Ikinagalak ni Dave ang mataas na grade na nakuha niya sa PE.
Madaling iluto ang itlog.

On the other hand, gerunds are formed differently. There are two types: completed gerund and aspectless gerund. In contrast to the basic verbal forms, gerunds use affixes such as pag- or  pagka- and may also require syllabic duplication, depending on which aspect is desired.

Aspectless gerunds:

Paghihintay sa kanyang grade ang ikinababaliw ni Dave.
Pagpapadala ng sulat sa kanyang nanay ang lingguhang gawain ni Dave.
Pagsasalita nang mabagal ang kahinaan ni Dave.
Pagluluto ng itlog ang tanging alam ni Dave na gawin sa kusina.

Completed ("perfected") gerunds:

Ikinabaliw ni Dave ang pagkakapaghintay sa kanyang mga grade.
Ang pagkakapagpadala ng sulat ni Dave ang nagpakalma sa kanyang nanay.
Pinagalitan si Dave dahil sa kanyang pagkakapagsalita nang napakabagal.
Hindi tama ang pagkakapagluto ni Dave ng itlog.

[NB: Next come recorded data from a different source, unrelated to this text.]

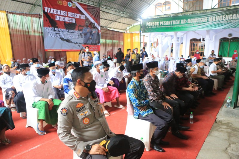 Untuk Jawa Timur, vaksinasi berlangsung di Pondok Pesantren (Ponpes) Ar-Rowiyah Macingan, Desa Langpanggang, Kecamatan Modung, Kabupaten Bangkalan, yang diikuti Kapolri Jenderal Listyo Sigit Prabowo secara Virtual.
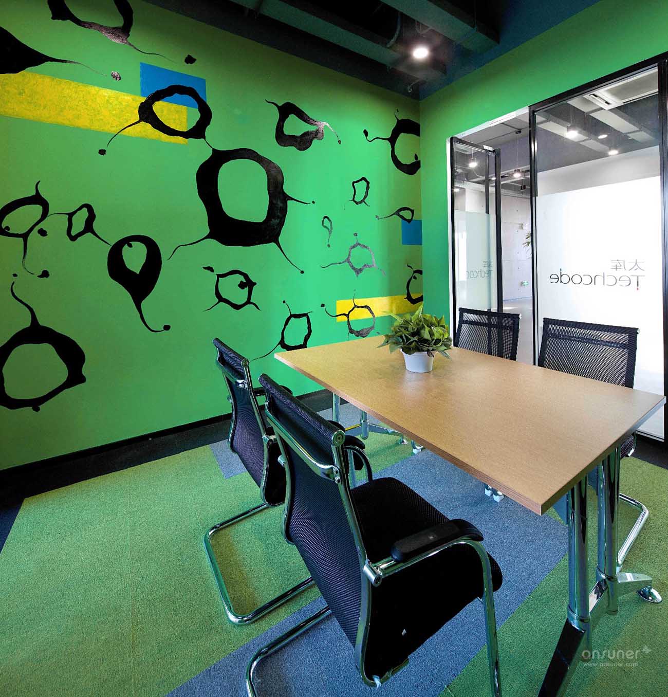 入口处醒目的大红色门厅,墙壁饰面采用集装箱纹理,与接待台后的木色饰面即形成了鲜明对比,同时又烘托出了温暖、开放的环境氛围,独特的工业风格特色让人第一眼就留下深刻印象。铁制的接待台经过特殊锈化处理,展现出了斑驳仿旧的视觉效果。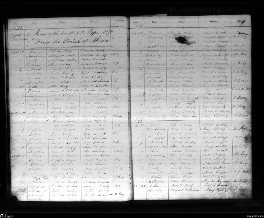 Donaghmore; County of Cork; Diocese of Cloyne. Baptisms, Sep. 1875 to Jan. 1876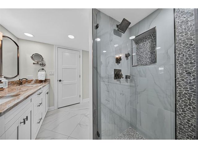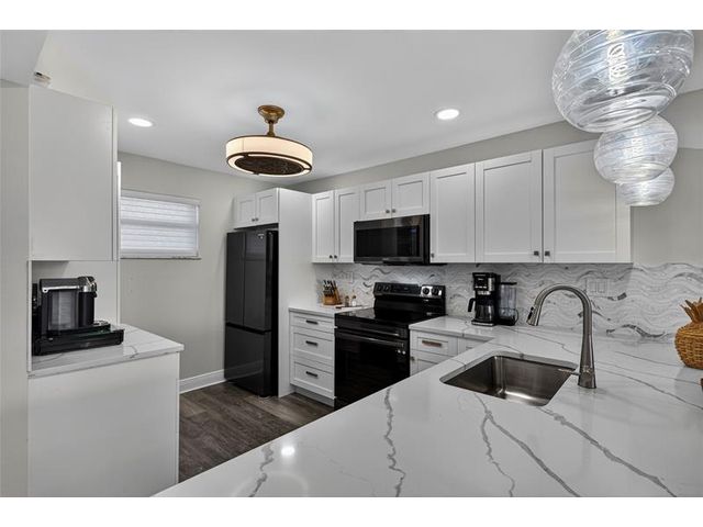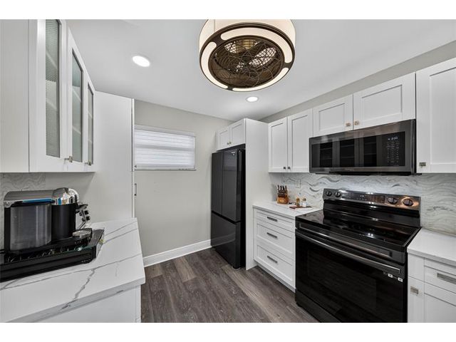 Stunning Fully Renovated 2BR/2BA Condo with Resort-Style Amenities in a 55+ community! Beautifully updated, light-filled condo featuring an amazing pool view from the screened terrace with accordion shutters. This modern unit offers impact windows, water-resistant laminate flooring, and an in-unit washer and dryer. The open kitchen showcases wood cabinetry, quartz countertops, a tile backsplash, and black stainless-steel appliances, opening to a spacious dining area perfect for entertaining. The primary suite includes dual walk-in closets and a sitting area, and both bathrooms have been completely renovated with elegant finishes. Maintenance includes cable, HBO, and internet. Just move right in!
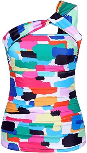 Tempt Me Women Tankini Top Swim Tops Ruched One Shoulder Bathing Suit Swimsuit Tops Only
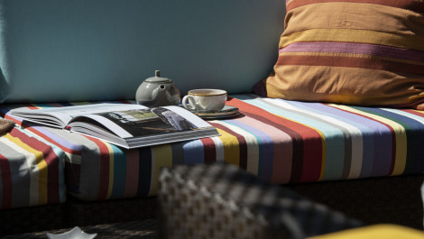 Trotz eines angenehm lauen Sommerabends lassen wir unseren Urlaubstag im gemütlichen Loungebereich nahe der Hotelbar ausklingen. Auch hier bin ich wieder sehr angetan von dem gelungenen Stilmix aus alt und neu und ich bin der Überzeugung, dass die ein oder andere Idee bestimmt mit nach Hause in die eigenen vier Wände reist.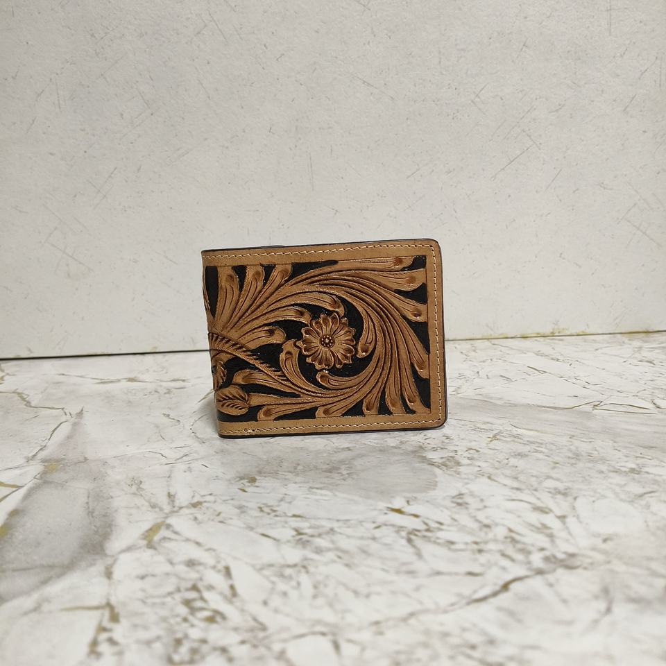 กระเป๋าสตางค์หนังแท้ขนวัวสีน้ำตาลสไตล์วินเทจของผู้ชายมีซิปยาวดีไซน์ดอกไม้กันขโมยคุณสมบัติของเครื่องมือ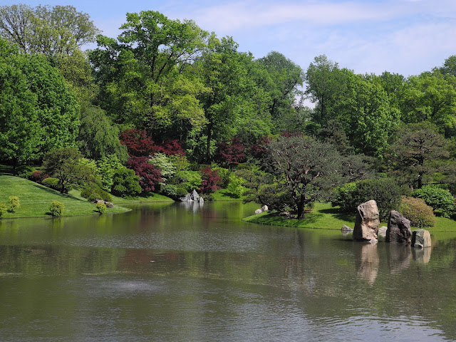 The drive to St. Louis was pretty wet; it rained the whole way and hard at times. The traffic going into St. Louis was terrible as usual just crawling along the last few miles to cross the Mississippi via the bottleneck bridge. By the time we arrived at the Missouri Botanical Garden it was nearly 1 pm, so we grabbed a bite to eat, and by then the rain had stopped. So just as the Phactor tells his students; it never rains on a field trip, although it can storm. A bridezilla was showing her true stripes (do you know what you're getting, fellow?) because the garden had the temerity to let a deluge turn her wedding site into a soggy mess. Heels and chair legs would have sunk in immediately, and the area would not have been kind to the hem of that white dress either. Here's a nice view across the garden's pond, and remember, it's still just mid-April. The NRA was in town, but didn't see any of them taking in the garden. Funniest thing we saw was this morning while returning from a coffee safari; a butler/doorman (?) in a tux and white tie, trying to maintain his dignity while walking a toy poodle at 8 am. Who wears a tux at 8 am on a Sunday for dog walking? Did he have his little plastic baggy? A penguin and a dog are out for a walk,....![]()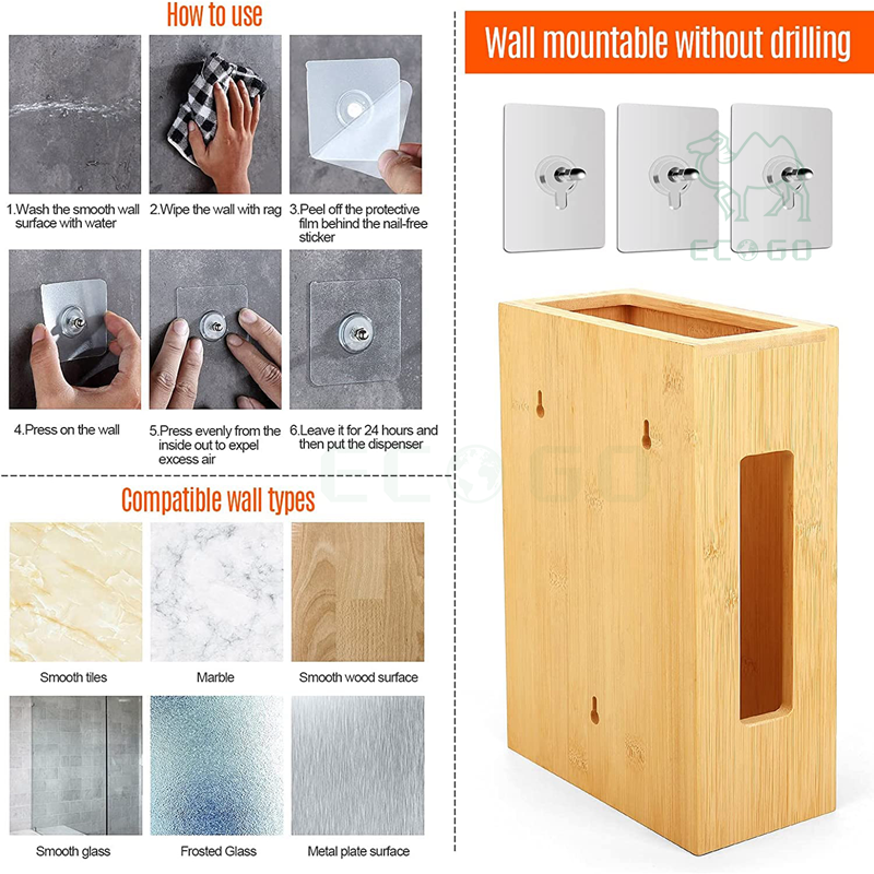 Wall Mount Bamboo Garbage Bag OrganizerStyle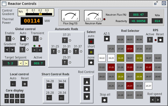 There are a total of 28 manual control rods, 5 automatic control rods and 4 short rods from below. Rods can be selected with the rod selector and moved using the rod control buttons. Note that the short control rods (yellow) have their direction reversed. Manual (gray) and automatic (red) control rods are inserted from the top so the reactivity increases with them going up out of the core. The yellow rods need to be moved downwards to increase reactivity.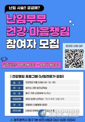 [인천광역신문] 관리자 기자 | 광주 동구는 오는 24일 난임으로 어려움을 겪고 있는 지역 부부들에게 난임에 관한 올바른 정보와 실질적인 조언을 제공하는 ‘난임부부 건강 챙김 강좌’를 진행한다고 밝혔다.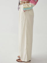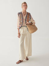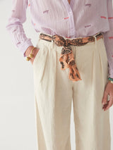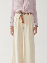 Cut in high quality linen, the button and zip pant is featured recurrently in our shoot this season since it is easy to pair with multiple pieces for multiple moods.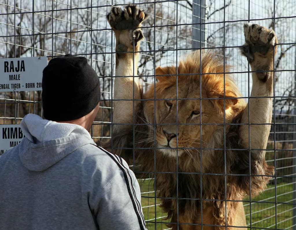 Jone quickly realized that the Lion was neither tamed nor polite but only the boundary of cages is making him to look like in that way.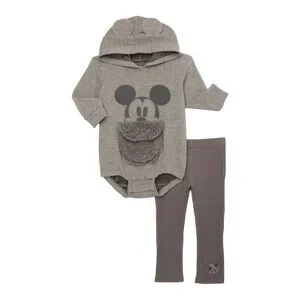 Disney Baby Mickey Mouse Hooded Bodysuit and Pants 2-Piece Outfit Set NWT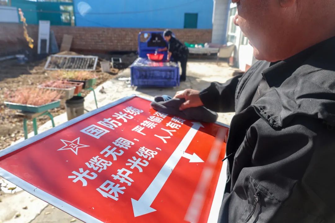 只见他拿着红色的国防光缆警示牌站在路旁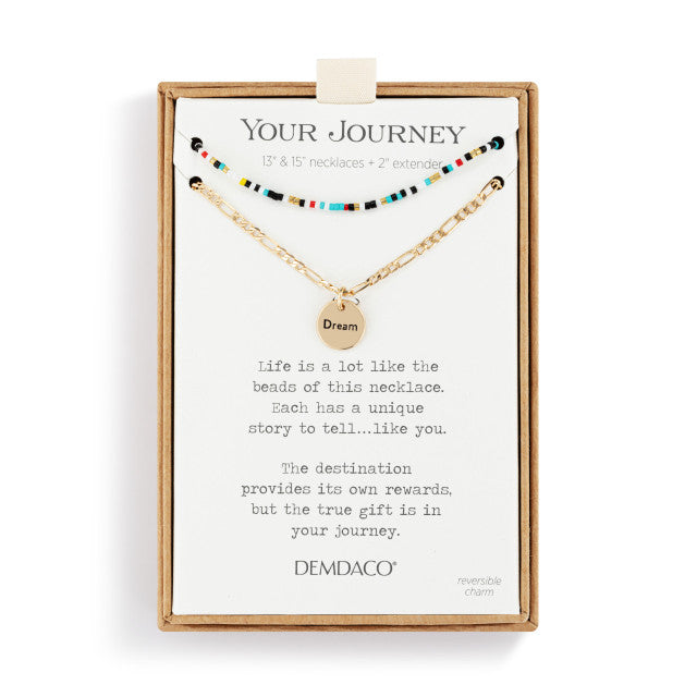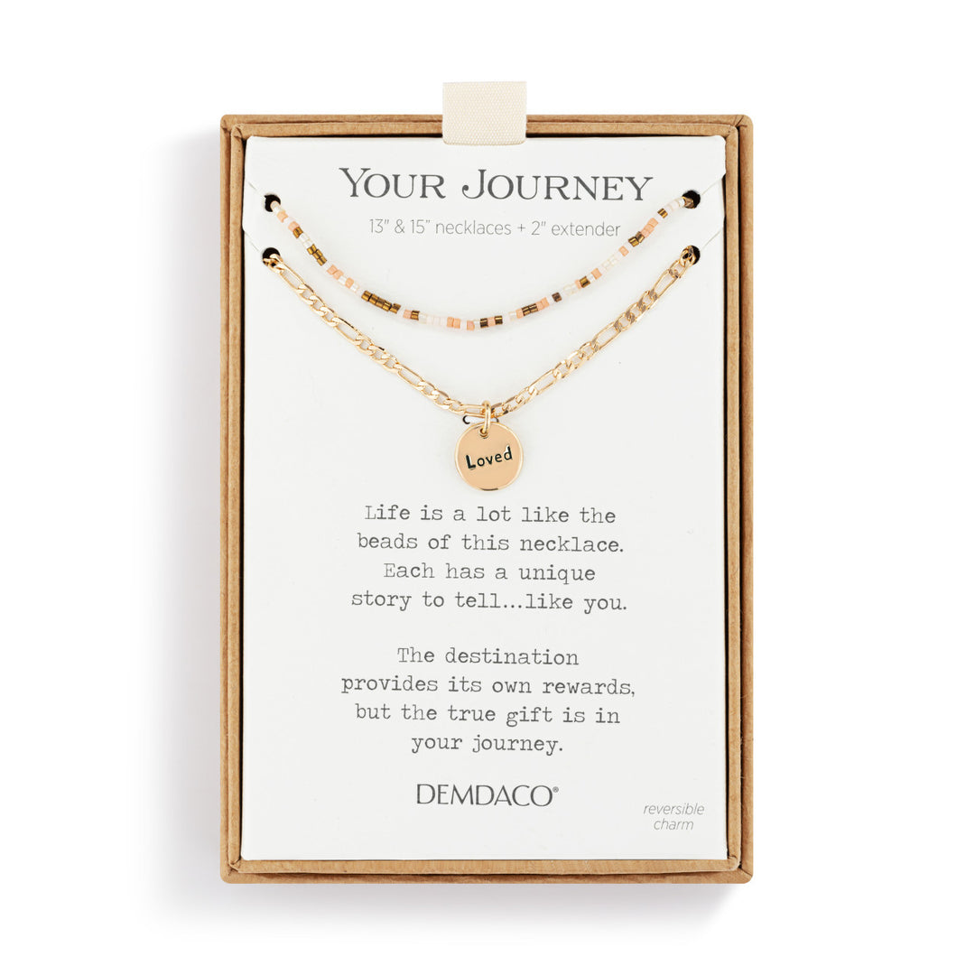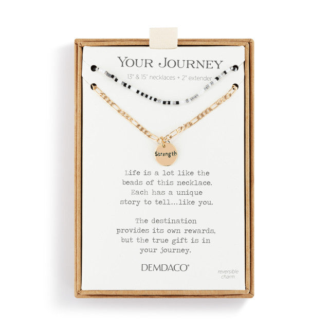 Discover the Your Journey Beaded Necklace - Strength, a beautiful piece crafted to honour your past and inspire your future. This stunning necklace features semi-precious stones and a blend of materials including metal, brass, iron, and glass.

Remember that although the preceding sentences are good for grammar exercises, most of them do not sound colloquial at all (which is not necessarily a bad thing).


----------



## Change1031

Thanks

I'll note down your explanation, but it seems like these are something in Advance Tagalog category, rather than Beginning Tagalog lol.


----------